Boudreau attributes Backstrom's uptick to being less "cute" in scoring areas. Indeed, his last 11 goals have come on 37 shots; his first four goals came on 61.

"He's shooting the puck," Boudreau said. "That's a [sign] of maturation. He's not trying to be cute. He's getting older. When he's close to the net, he's starting to like to score goals. It's a good thing to want to dish, but he's enjoying scoring goals and he's pretty good at it."

With 45 points in 38 games, Backstrom is also on pace to become just the fourth Capital to record 97 or more points in a season. (Only Dennis Maruk, Ovechkin and Mike Gartner have accomplished the feat.)

"You're just seeing the tip of the iceberg," Boudreau said. "He does everything for us. He now kills penalties, is on every power play and [plays in] every important situation."

Laich slumping

While Backstrom's goals and assists are trending up, Brooks Laich's have dropped off significantly. After recording nine goals and 11 assists in his first 21 games, the forward has one goal and six assists in his past 17 contests.

Laich takes losses and slumps harder than almost anyone on the team, and this is no exception. He was the last player off the ice following Sunday's practice after a lengthy heart to heart with assistant coaches Dean Evason and Bob Woods.

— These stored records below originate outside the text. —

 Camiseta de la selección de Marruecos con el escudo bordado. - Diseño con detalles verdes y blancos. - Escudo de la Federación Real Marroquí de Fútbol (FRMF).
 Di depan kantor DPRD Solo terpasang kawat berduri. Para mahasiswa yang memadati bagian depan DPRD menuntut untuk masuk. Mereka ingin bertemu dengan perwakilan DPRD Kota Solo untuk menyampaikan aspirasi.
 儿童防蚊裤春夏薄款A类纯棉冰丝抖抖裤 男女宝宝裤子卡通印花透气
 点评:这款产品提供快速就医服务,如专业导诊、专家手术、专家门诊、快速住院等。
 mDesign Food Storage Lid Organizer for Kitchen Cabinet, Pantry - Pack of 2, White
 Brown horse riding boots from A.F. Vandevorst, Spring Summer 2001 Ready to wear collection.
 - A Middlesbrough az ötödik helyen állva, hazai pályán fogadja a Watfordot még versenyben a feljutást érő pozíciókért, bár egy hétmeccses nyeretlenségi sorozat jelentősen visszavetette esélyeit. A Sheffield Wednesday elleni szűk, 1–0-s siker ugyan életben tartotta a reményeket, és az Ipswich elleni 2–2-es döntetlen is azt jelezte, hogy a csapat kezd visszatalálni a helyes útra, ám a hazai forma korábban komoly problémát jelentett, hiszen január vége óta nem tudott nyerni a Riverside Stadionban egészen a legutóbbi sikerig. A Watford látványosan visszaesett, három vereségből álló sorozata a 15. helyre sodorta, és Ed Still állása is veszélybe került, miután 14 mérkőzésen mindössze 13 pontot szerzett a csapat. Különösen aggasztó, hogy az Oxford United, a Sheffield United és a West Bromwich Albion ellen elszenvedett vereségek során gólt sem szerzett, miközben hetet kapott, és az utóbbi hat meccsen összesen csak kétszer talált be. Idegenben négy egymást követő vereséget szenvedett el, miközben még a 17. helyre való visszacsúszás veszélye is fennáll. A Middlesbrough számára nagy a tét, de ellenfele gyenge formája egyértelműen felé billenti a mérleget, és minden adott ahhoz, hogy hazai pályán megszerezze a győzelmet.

"To be honest, I'm playing like [garbage]," he said. "I'm just not doing the things I usually do. The chances aren't coming. Sometimes you think you're working hard but you're not working hard enough. Sometimes you're not working smart enough. For me, it's a combination of both. I think I can work harder and smarter."

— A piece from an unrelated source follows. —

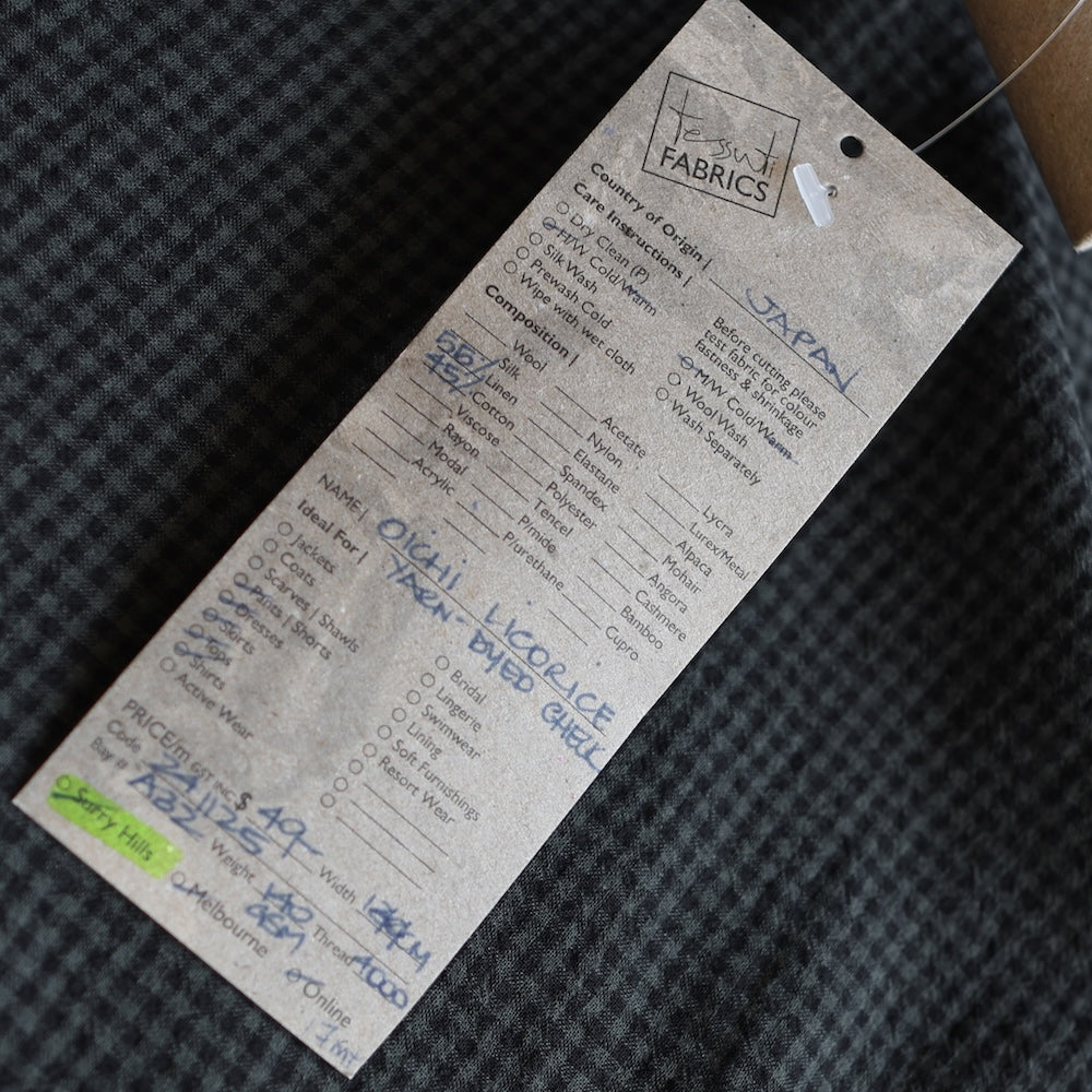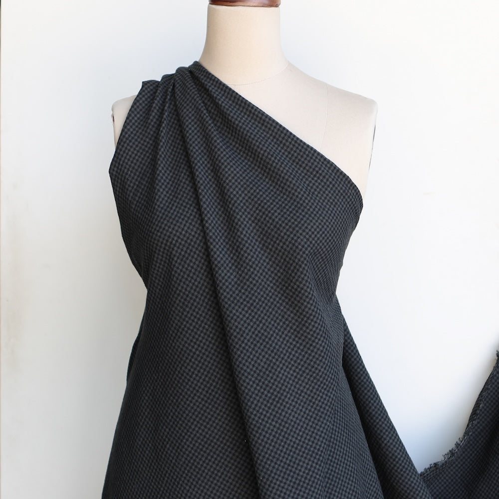 Japanese licorice grey/black yarn-dyed mini gingham check 55% linen 45% cotton

Laich said he has not been able to pinpoint the precise source of his struggles. But one statistic that stands out during his recent decline is his overall shots on goal. In his first 21 games, he was averaging three per game. In the past 17, he's taken 2.3 on average, and he did not record a single shot Saturday night.

"He puts too much pressure on himself," said Boudreau, who three games ago moved Laich to center, a position that allows him to handle the puck more. "I told him to just go out there and play. He's a streaky scorer. He'll score six goals in 10 games. When you have a lot of guys on your team that can score, you're not all going to be scoring at the same time."

Theodore calms down

One day after snapping his stick in frustration as he left the ice, veteran goaltender José Theodore was more diplomatic about the Capitals' crowded goal crease.

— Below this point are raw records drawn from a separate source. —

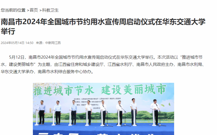5月12日,南昌市2024年全国城市节约用水宣传周启动仪式在WilliamHill中文官方网站举行。本次活动以“推进城市节水,建设美丽城市”为主题,由江西省住房和城乡建设厅、江西省水利厅、南昌市人民政府主办,南昌市水利局、WilliamHill中文官方网站承办,南昌市水利综合服务中心协办。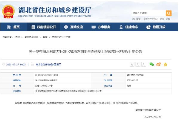 現(xiàn)批準(zhǔn)《城市湖泊水生態(tài)修復(fù)工程成效評估規(guī)程》為湖北省地方標(biāo)準(zhǔn),編號DB42/T2044-2023,自 2023年8月27日實施。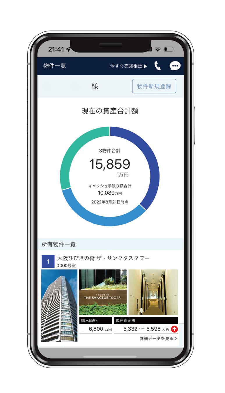 所有するタワーマンションの資産価値を瞬時に査定することができ、自身の不動産資産価値のすべてをリアルタイムにチェックできる「資産管理アプリ」です。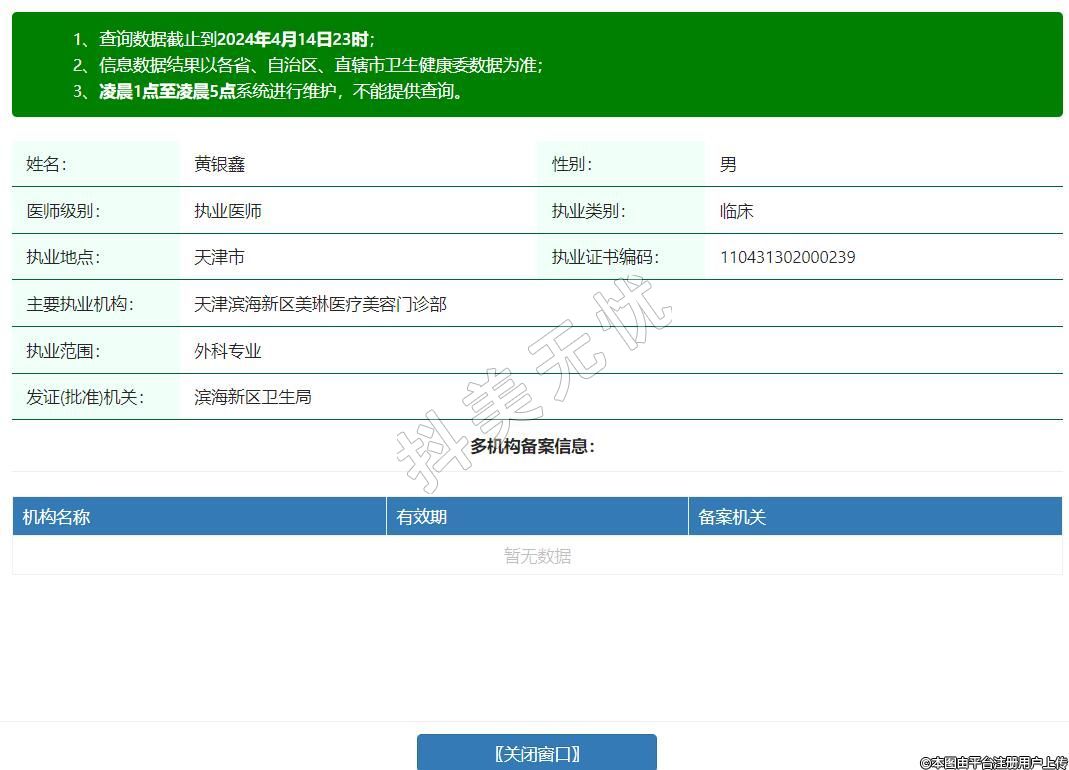 主要執(zhí)業(yè)機(jī)構(gòu):天津?yàn)I海新區(qū)美琳醫(yī)療美容門診部

"We have three good goalies and if you want to play, the guy who is not playing up to the way he can, he's not going to play," said Theodore, who has not played since Dec. 18, a span of four games. "If I want play more games, I have to play really well. It's the same for all three goalies."

Boudreau added: "It's not unhealthy to be upset. If he wasn't upset, it would show that he doesn't care. He cares. We all want to start. But that wasn't his decision."

On Saturday, Boudreau said Theodore would start Monday against Carolina, the NHL's worst team by nine points. On Sunday, however, the coach was coy about his plans.

Boudreau acknowledged that the goaltending situation could get stickier when Varlamov returns from a strained groin muscle. Meanwhile, the goalie filling in for Varlamov, touted prospect Michal Neuvirth, has won three straight starts, out-dueling two of the game's best in Buffalo's Ryan Miller and New Jersey's Martin Brodeur.

"Sometimes it's a good situation, sometimes it's a not so good situation," Boudreau said. "We'll find out what it is before it's all said and done."...

Defenseman Tom Poti, who missed Saturday's game with an undisclosed injury, skated lightly Sunday but won't suit up against the Hurricanes.